== PROBLEM TO WORK ON ==
Repeat all the lines below exactly, but omit the pictures.

== THE DATA ==
┌──

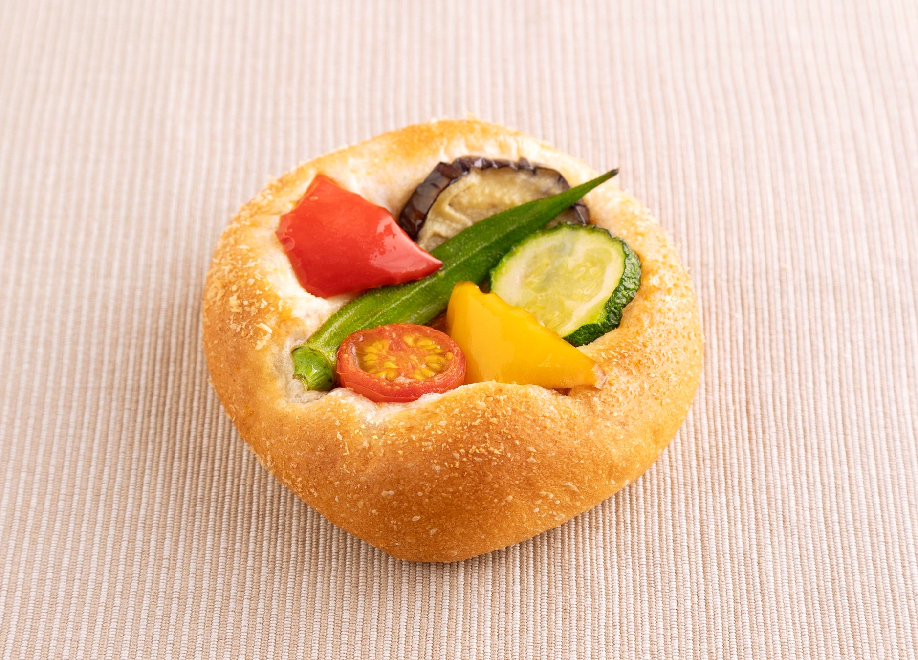 バターチキンカレーパンに彩りの良い5種の夏野菜(トマト・パプリカ・ナス・ズッキーニ・オクラ)をトッピング。マイルドなバターチキンカレーに旬の夏野菜がよく合います!
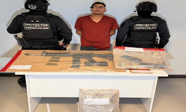 Al momento de su detención, le encontraron un arma larga de color negro con un cargador de plástico, abastecido con 28 cartuchos útiles, un teléfono celular en color rosa, un chaleco táctico pincelado color verde y dos cargadores de plástico color negro, con 18 cartuchos útiles cada uno.
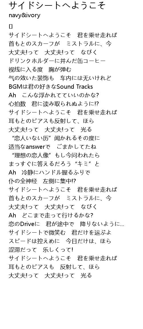 | Song | サイドシートへようこそ |

└──

== TASK SOLUTION ==
 バターチキンカレーパンに彩りの良い5種の夏野菜(トマト・パプリカ・ナス・ズッキーニ・オクラ)をトッピング。マイルドなバターチキンカレーに旬の夏野菜がよく合います!
 Al momento de su detención, le encontraron un arma larga de color negro con un cargador de plástico, abastecido con 28 cartuchos útiles, un teléfono celular en color rosa, un chaleco táctico pincelado color verde y dos cargadores de plástico color negro, con 18 cartuchos útiles cada uno.
 | Song | サイドシートへようこそ |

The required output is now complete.